Duncan se levantó de la cama. Sin prisa, se irguió en toda su altura, dejando que la luz ámbar de la lámpara recortara su silueta contra la pared. El tatuaje, esa serpiente interminable que le cubría el torso, pareció moverse con su respiración.
—Correcto, muchacho. —Hubo un destello de diversión en sus ojos oscuros—. ¿Ves que no eres tan estúpido como aparentas?
Liam retrocedió un poco, apoyando la espalda contra el cabecero. Su mente trabajaba a toda velocidad, buscando en archivos mentales de películas, de noticias lejanas, de rumores de internet, algo que le diera una ventaja. Una regla. Un límite.
—Pero... —tartamudeó, aferrándose al primer estereotipo que le vino a la cabeza—. A los yakuza no les gustan los hombres. Son tradicionales. Son...
Liam se calló. El que rio fue Duncan. No fue una carcajada estruendosa, sino una risa baja, grave, que resonó en las paredes de la habitación 408.

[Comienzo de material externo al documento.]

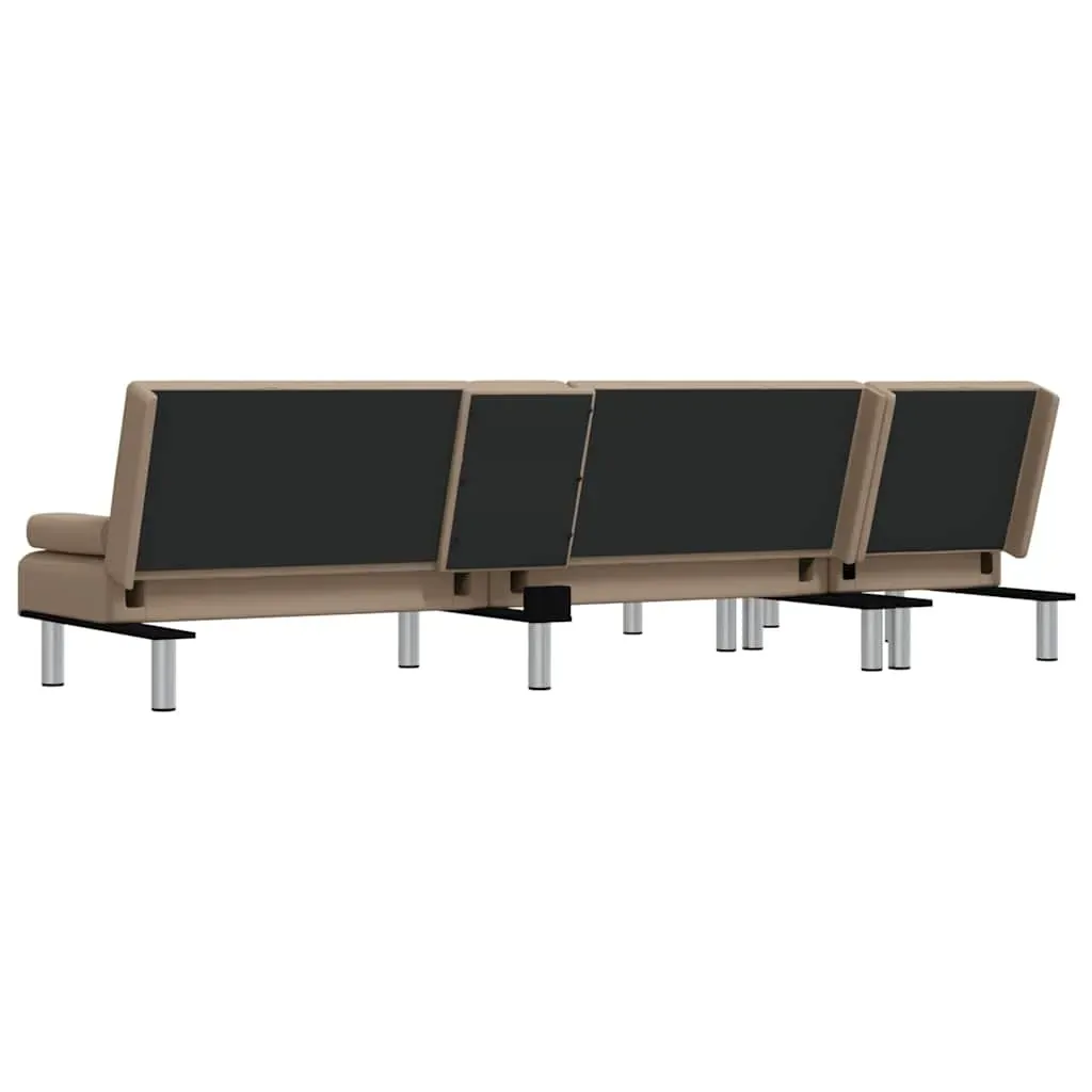 This L-shaped sofa bed is perfect for accommodating overnight guests while providing a comfortable seating space during the day. Multifunctional sofa bed: The sleeper sofa is a wise choice for limited space. It has 3 convertible positions for sitting, lounging, and sleeping, so it can be a comfy reclining couch bed for daily use or a temporary bed for guests.Durable faux leather: Premium faux leather is a highly durable material. It is resistant to stain, making it easy to clean with a damp cloth. The smooth surface also gives a luxurious look and the beauty of real leather.Sturdy and stable frame: The plywood frame of the sofa bed couch ensures sturdiness and stability.Practical design: The day bed sofa comes with a foldable tea table with two cup holders. Also, the tea table features 2 types of USB ports, which can be used to charge your phones, tablet computer, etc.Comfortable seat experience: Featuring a faux leather upholstery enveloping high-density foam, this folding sofa bed provides a comfy cosy spot for sitting and sleeping. Its backrest also provides additional relaxation. Note:The product is assembled by a sofa bed and a chaise longue. You can put the chaise longue on the right or on the left as you prefer.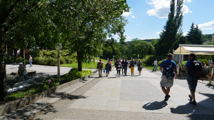 После Праги город непривычно тихий. Здесь нет круглосуточных магазинов - работают только до восьми, в пятницу в чешских городах, как правило, короткий день, работают в лучшем случае до пяти вечера. Пожилые пары размеренно прогуливаются вдоль набережной, попивая воду из специальных кружек, которые придумали именно здесь.

—¿Quién te dijo eso? —Duncan ladeó la cabeza, mirándolo con una mezcla de lástima y ternura—. Y lo que es más importante, Liam... ¿quién crees que se atrevería a meterse conmigo para decirme lo que me puede gustar?
El silencio que siguió fue más denso que cualquier grito.
Aquello había escalado a una dimensión que Liam no conocía. Hasta esa noche, en el fondo de su corazón, había pensado que el profesor era, a lo sumo, un pervertido. Un hombre de poder al que le gustaban los jovencitos, que usaba su influencia para conseguirlos. Pero ahora no estaba ante un simple depredador académico. Estaba ante un yakuza. Un verdadero asesino. De esos que aparecen en las noticias con los rostros pixelados, que no dejan rastro, que cortan dedos y desaparecen familias enteras sin que la policía se atreva a abrir una carpeta de investigación.
Liam tragó saliva. La boca le sabía a cobre.
—¿Qué piensas hacerme?
Duncan lo observó de costado. Una sonrisa ladeada, casi perezosa, le curvó los labios.
—¿Hacerte? Yo solo pienso divertirme contigo. —Se acercó un paso, y la sombra de su cuerpo cubrió a Liam por completo—. Mientras me proporciones el desahogo que requiero, todo estará bien. Serás mi secreto favorito. Pero... —Su voz bajó una octava, volviéndose tan fría que Liam sintió que el aire de la habitación se congelaba—. Vuelve a retarme. Vuelve a cuestionarme, o intenta huir, y no te garantizo que esa bonita cara siga pegada a ese cuello.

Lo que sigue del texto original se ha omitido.